> **Dataset excerpts**:

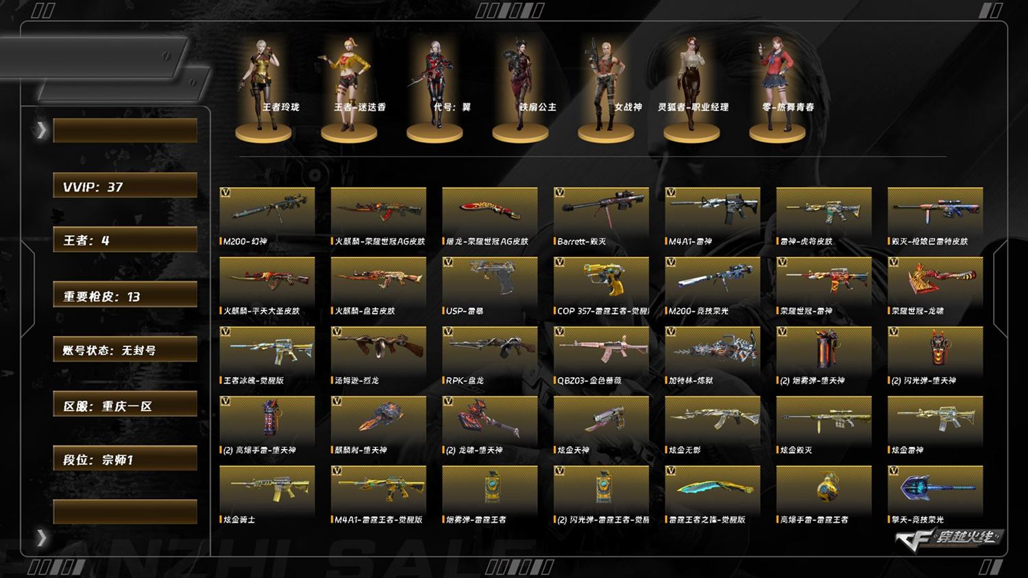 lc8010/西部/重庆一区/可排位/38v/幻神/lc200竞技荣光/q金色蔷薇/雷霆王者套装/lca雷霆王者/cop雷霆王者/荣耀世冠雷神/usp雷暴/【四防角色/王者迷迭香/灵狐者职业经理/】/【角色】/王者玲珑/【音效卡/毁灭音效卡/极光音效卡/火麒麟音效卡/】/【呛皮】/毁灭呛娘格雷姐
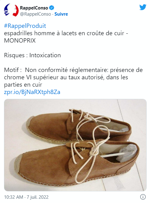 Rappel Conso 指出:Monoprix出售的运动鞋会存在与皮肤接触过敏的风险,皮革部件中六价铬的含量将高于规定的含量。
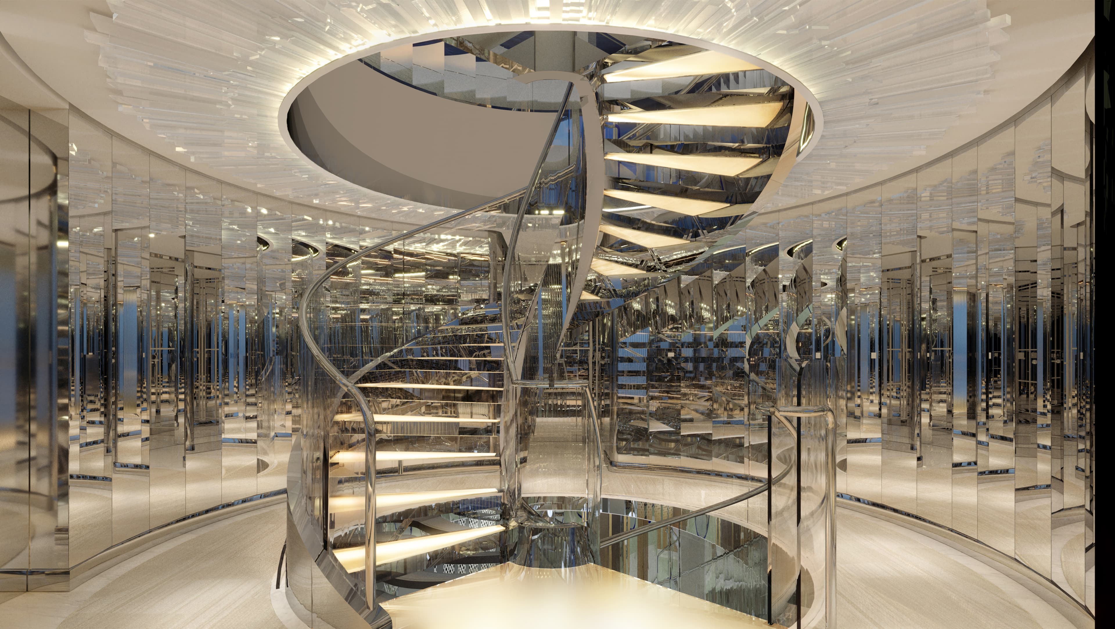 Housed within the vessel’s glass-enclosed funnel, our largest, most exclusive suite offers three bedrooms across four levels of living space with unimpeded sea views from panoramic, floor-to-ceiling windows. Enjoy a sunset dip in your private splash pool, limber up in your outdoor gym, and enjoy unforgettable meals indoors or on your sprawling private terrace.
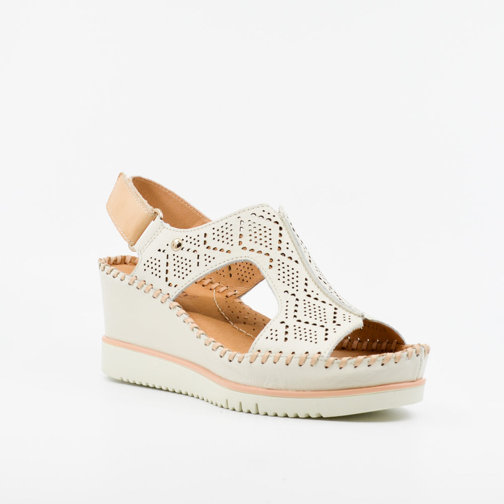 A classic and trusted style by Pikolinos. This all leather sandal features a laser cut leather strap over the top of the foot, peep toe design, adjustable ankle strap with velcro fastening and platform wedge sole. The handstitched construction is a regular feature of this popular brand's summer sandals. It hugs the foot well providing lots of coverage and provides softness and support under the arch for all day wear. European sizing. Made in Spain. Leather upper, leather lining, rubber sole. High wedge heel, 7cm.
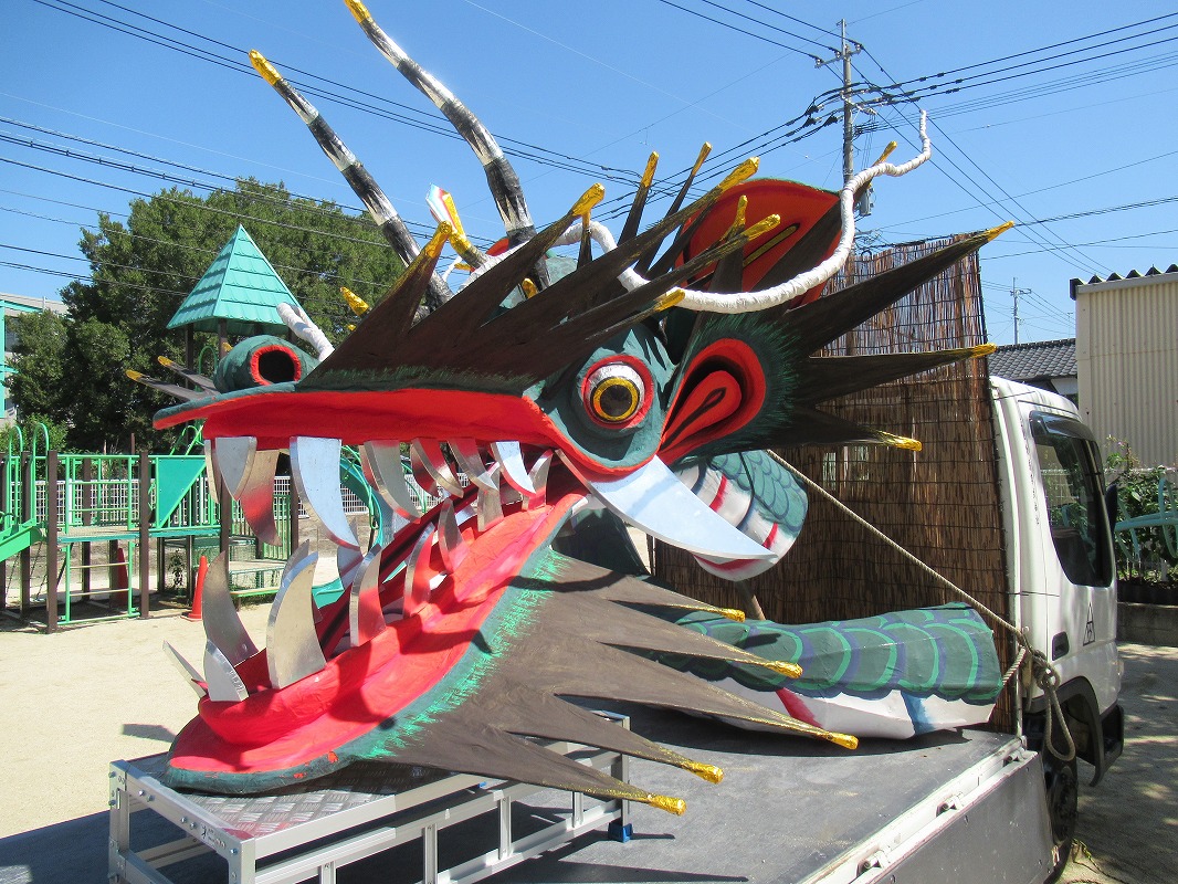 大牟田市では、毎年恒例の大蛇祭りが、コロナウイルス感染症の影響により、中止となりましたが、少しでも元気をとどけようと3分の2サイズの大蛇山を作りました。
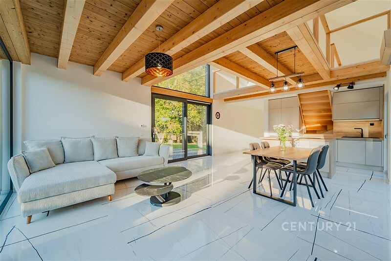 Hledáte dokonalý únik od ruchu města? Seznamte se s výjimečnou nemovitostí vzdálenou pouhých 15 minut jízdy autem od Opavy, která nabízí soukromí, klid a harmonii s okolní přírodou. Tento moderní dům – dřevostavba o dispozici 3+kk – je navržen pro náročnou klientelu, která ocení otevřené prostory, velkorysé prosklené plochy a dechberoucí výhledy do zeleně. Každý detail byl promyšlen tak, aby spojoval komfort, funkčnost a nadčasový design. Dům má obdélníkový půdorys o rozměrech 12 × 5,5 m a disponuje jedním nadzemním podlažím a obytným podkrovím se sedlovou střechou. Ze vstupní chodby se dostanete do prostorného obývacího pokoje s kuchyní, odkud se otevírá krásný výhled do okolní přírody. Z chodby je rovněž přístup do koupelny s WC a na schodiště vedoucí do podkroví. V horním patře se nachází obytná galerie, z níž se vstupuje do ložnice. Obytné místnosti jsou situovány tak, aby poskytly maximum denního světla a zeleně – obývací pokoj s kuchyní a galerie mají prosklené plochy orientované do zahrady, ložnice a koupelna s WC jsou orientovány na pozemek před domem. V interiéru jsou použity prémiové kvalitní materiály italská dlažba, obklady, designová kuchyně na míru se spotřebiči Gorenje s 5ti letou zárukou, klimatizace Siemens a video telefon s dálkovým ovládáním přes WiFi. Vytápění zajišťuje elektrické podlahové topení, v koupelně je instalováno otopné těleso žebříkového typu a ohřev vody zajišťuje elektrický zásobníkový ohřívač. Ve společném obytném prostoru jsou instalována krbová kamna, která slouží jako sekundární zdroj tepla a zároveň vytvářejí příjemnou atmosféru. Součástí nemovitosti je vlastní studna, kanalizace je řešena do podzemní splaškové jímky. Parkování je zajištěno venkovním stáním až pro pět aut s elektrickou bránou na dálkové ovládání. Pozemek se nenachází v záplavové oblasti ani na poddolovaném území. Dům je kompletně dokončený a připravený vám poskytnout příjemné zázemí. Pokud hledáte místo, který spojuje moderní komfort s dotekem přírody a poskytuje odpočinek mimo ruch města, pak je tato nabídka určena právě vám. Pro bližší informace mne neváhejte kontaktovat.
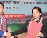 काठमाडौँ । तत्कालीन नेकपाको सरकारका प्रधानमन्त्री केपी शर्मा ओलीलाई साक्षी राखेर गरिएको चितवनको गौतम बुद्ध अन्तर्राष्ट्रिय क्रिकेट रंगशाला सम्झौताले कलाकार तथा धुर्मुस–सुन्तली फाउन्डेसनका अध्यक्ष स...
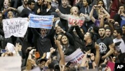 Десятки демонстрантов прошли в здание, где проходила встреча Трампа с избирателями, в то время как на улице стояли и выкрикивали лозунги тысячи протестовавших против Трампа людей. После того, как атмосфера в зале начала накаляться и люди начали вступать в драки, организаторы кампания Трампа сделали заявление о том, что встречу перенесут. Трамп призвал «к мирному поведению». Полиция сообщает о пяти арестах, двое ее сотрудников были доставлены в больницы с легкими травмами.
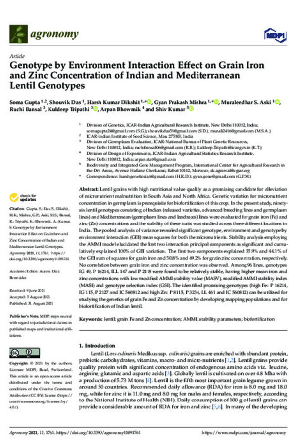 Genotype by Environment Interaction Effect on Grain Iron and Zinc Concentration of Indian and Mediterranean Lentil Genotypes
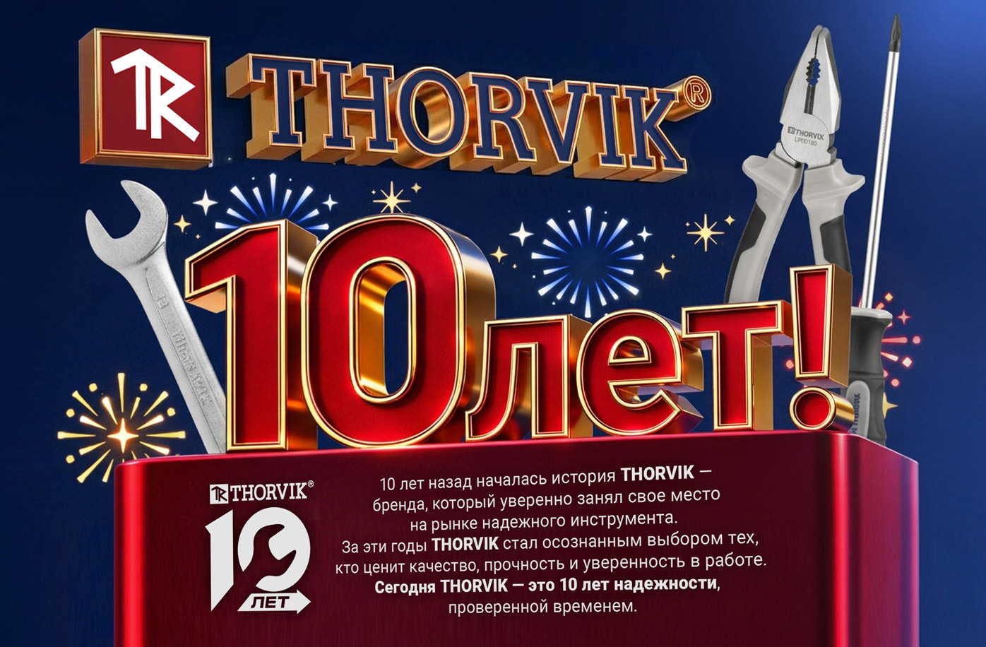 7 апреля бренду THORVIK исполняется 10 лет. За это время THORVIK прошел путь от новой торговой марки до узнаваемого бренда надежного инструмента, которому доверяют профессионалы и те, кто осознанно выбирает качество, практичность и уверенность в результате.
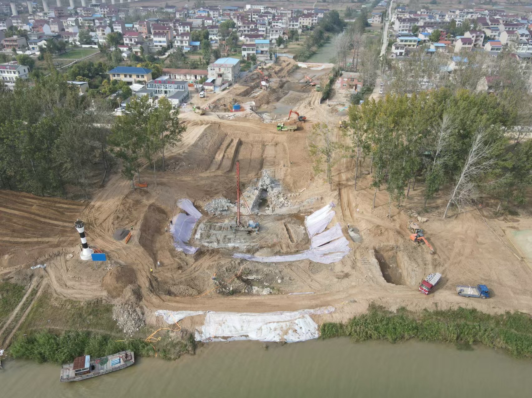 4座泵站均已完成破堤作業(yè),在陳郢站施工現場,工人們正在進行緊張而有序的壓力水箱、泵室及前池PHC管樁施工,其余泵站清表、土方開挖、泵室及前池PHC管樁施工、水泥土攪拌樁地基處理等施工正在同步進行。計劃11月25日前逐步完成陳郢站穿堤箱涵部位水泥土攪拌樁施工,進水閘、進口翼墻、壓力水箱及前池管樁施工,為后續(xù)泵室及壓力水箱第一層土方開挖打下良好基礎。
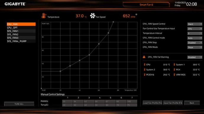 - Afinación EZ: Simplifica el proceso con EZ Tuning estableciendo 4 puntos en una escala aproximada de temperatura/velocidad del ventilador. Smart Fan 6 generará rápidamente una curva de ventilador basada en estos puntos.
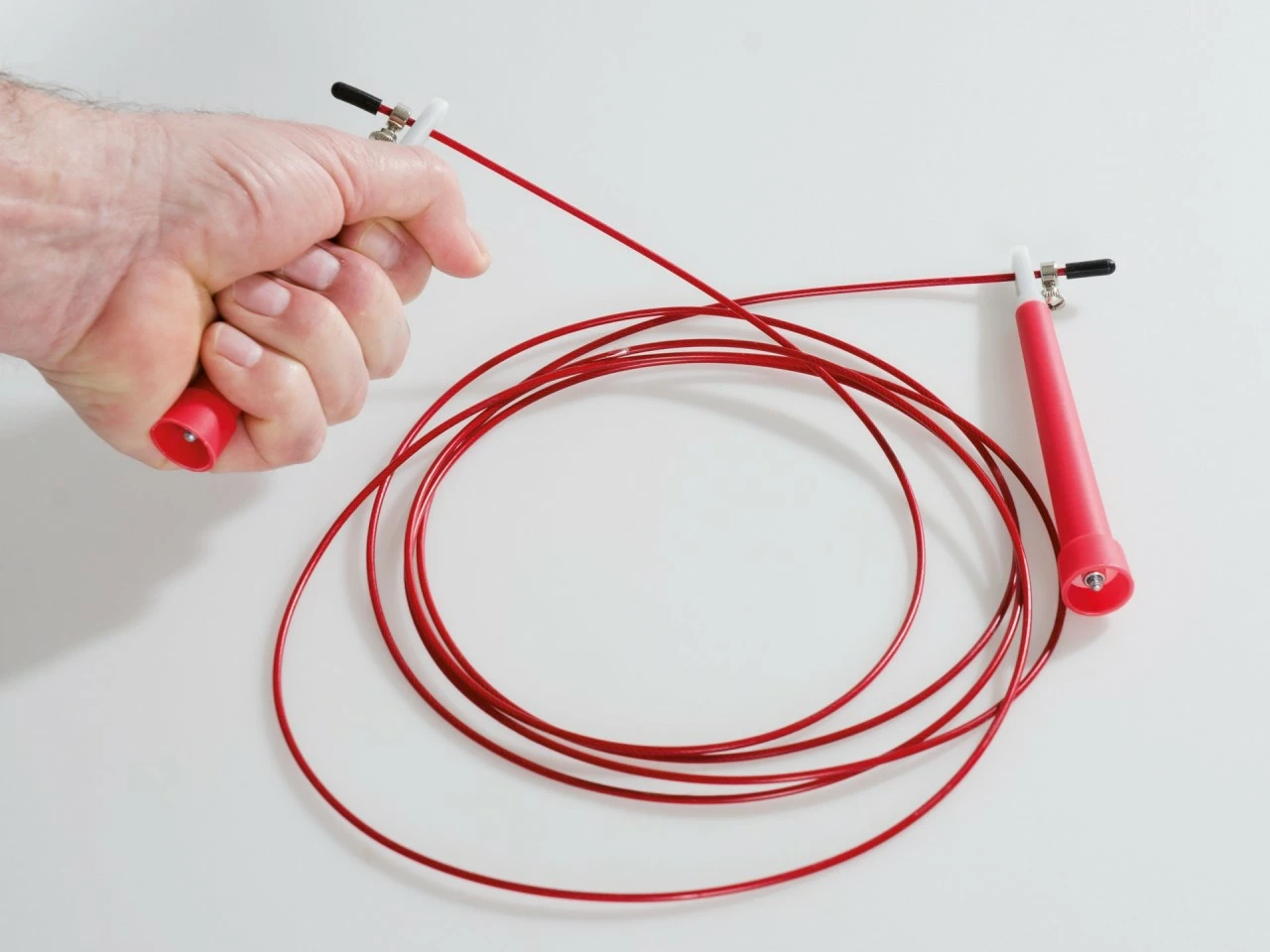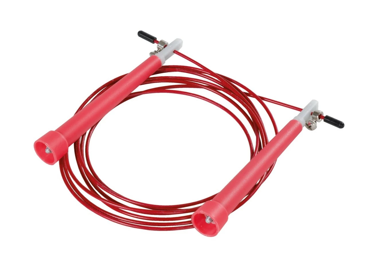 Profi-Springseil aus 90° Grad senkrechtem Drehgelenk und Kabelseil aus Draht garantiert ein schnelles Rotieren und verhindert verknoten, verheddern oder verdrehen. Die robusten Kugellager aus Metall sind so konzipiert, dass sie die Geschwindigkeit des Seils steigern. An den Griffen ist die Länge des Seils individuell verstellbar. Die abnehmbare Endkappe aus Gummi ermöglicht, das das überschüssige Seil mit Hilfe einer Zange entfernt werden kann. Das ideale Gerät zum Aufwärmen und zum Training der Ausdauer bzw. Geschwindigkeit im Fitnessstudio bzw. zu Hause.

> **Exercise brief**: Looking above, find the stretch of lines that opens with the one holding "Housed within the" and closes with the one holding "大牟田市では、毎年恒例の大蛇". Copy it exactly, pictures excluded.

> **Exercise response**:
 Housed within the vessel’s glass-enclosed funnel, our largest, most exclusive suite offers three bedrooms across four levels of living space with unimpeded sea views from panoramic, floor-to-ceiling windows. Enjoy a sunset dip in your private splash pool, limber up in your outdoor gym, and enjoy unforgettable meals indoors or on your sprawling private terrace.
 A classic and trusted style by Pikolinos. This all leather sandal features a laser cut leather strap over the top of the foot, peep toe design, adjustable ankle strap with velcro fastening and platform wedge sole. The handstitched construction is a regular feature of this popular brand's summer sandals. It hugs the foot well providing lots of coverage and provides softness and support under the arch for all day wear. European sizing. Made in Spain. Leather upper, leather lining, rubber sole. High wedge heel, 7cm.
 大牟田市では、毎年恒例の大蛇祭りが、コロナウイルス感染症の影響により、中止となりましたが、少しでも元気をとどけようと3分の2サイズの大蛇山を作りました。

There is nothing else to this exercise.